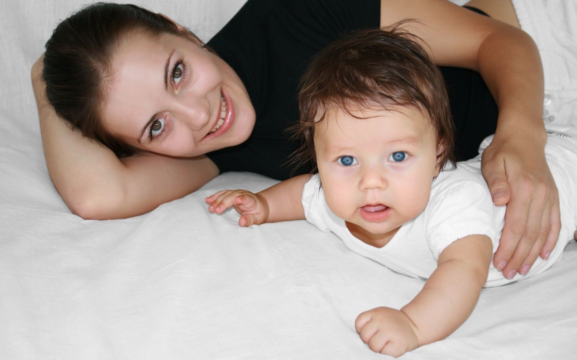 Mom and baby are lying on the bed
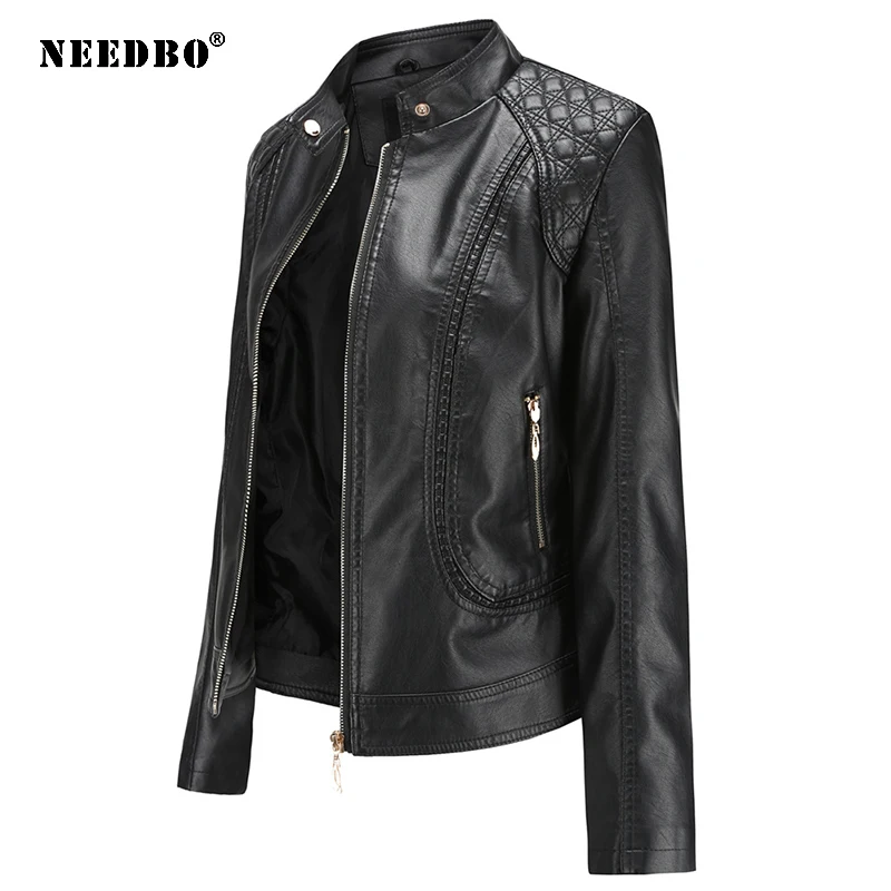 Куртка женская из искусственной кожи на молнии, Байкерская, повседневная, осенне-зимняя
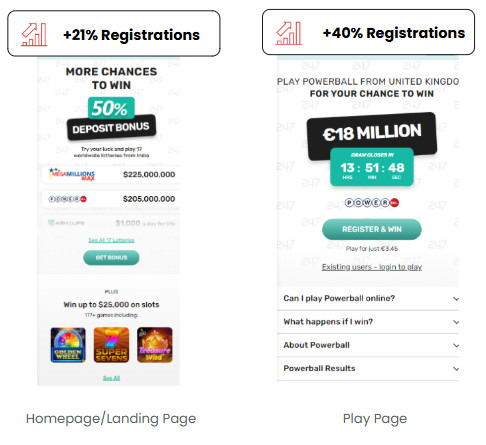 Lotto 24/7 and PlayHugeLottos are lottery sites focusing on the Canadian and Indian markets, who were struggling with low registration and deposit rates.
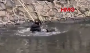老人摔倒在街头花坛中,城管队员爱心市民接力扶起老人
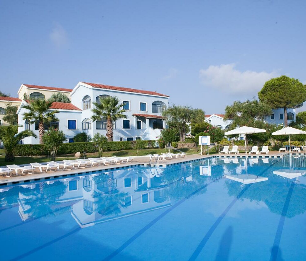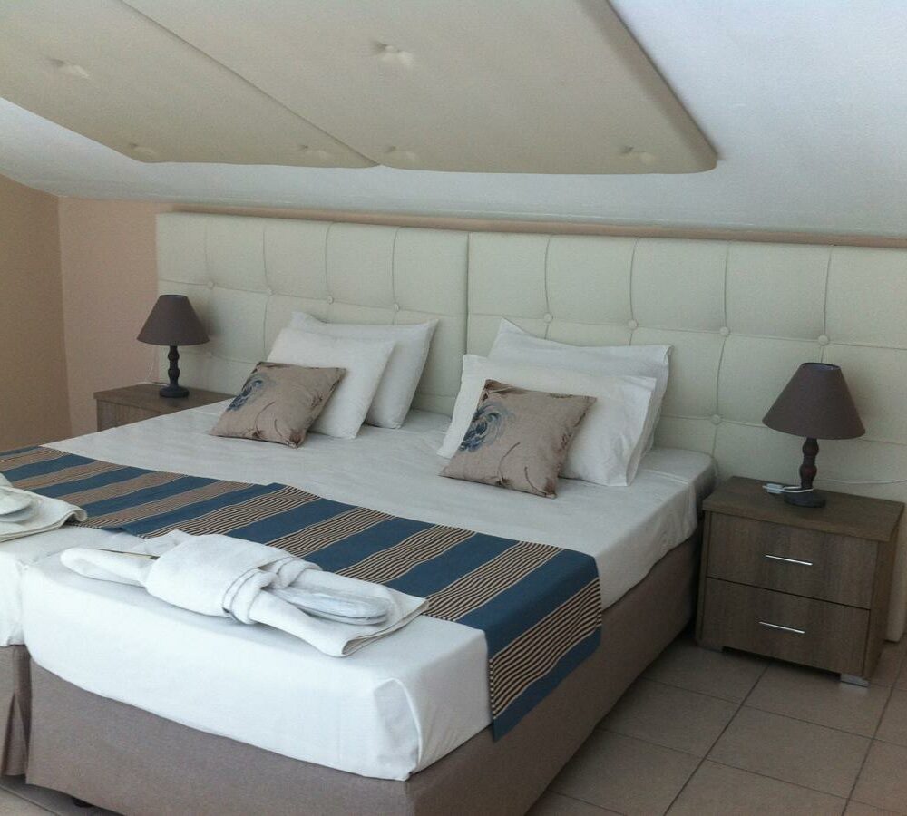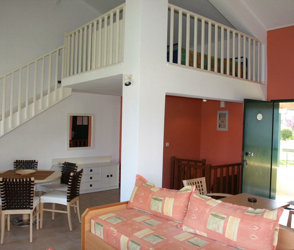 Вилла типа «Мезонет» с тремя спальнями (4-8 человек) (≈130 м2). Три спальни с односпальными кроватями, объединенная столовая и гостиная комната и мансарда с двумя односпальными кроватями. На всех виллах есть полностью оборудованная кухня.
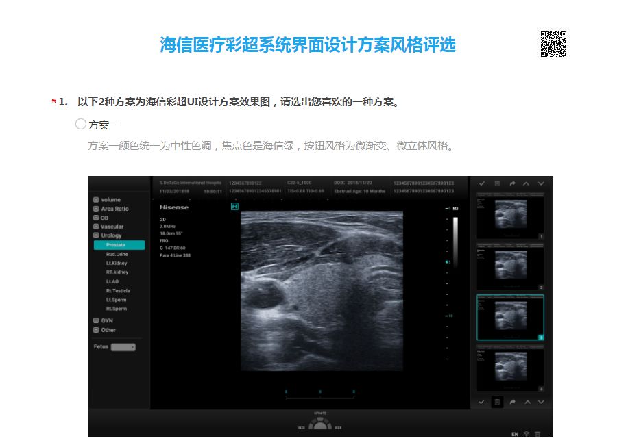 为了让产品更加适应一线操作人员的操作习惯,海信还特意为操作系统的设计方案发起过投票,可见海信医疗在这款超声产品上投注的期望。
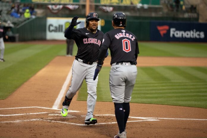 Andres Gimenez had three hits and scored two runs for the visiting Cleveland Guardians in a 6-4 win against the Oakland Athletics in the second game of their four-game series on Friday night.
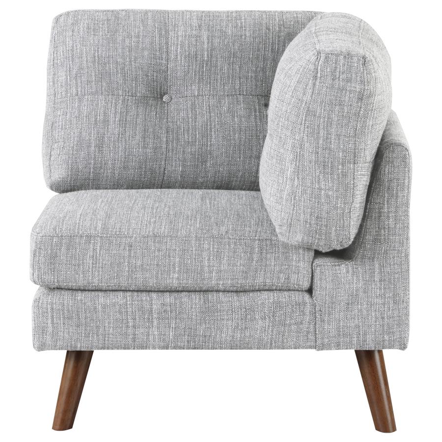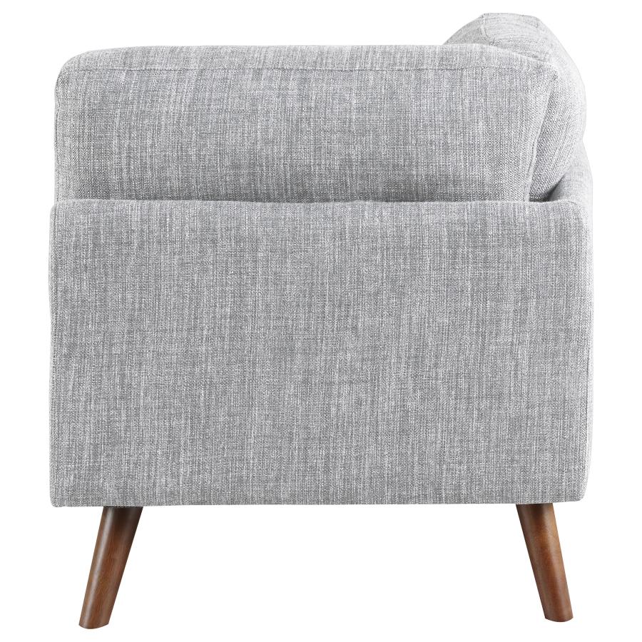 * This mid-century modern collection boasts clean lines in cool grey linen-like fabric

━━━━

_GOAL OF THE EXERCISE_
Copy out each record shown above without alteration, skipping any picture.

_YOUR RESPONSE_
 Mom and baby are lying on the bed
 Куртка женская из искусственной кожи на молнии, Байкерская, повседневная, осенне-зимняя
 Lotto 24/7 and PlayHugeLottos are lottery sites focusing on the Canadian and Indian markets, who were struggling with low registration and deposit rates.
老人摔倒在街头花坛中,城管队员爱心市民接力扶起老人
 Вилла типа «Мезонет» с тремя спальнями (4-8 человек) (≈130 м2). Три спальни с односпальными кроватями, объединенная столовая и гостиная комната и мансарда с двумя односпальными кроватями. На всех виллах есть полностью оборудованная кухня.
 为了让产品更加适应一线操作人员的操作习惯,海信还特意为操作系统的设计方案发起过投票,可见海信医疗在这款超声产品上投注的期望。
 Andres Gimenez had three hits and scored two runs for the visiting Cleveland Guardians in a 6-4 win against the Oakland Athletics in the second game of their four-game series on Friday night.
 * This mid-century modern collection boasts clean lines in cool grey linen-like fabric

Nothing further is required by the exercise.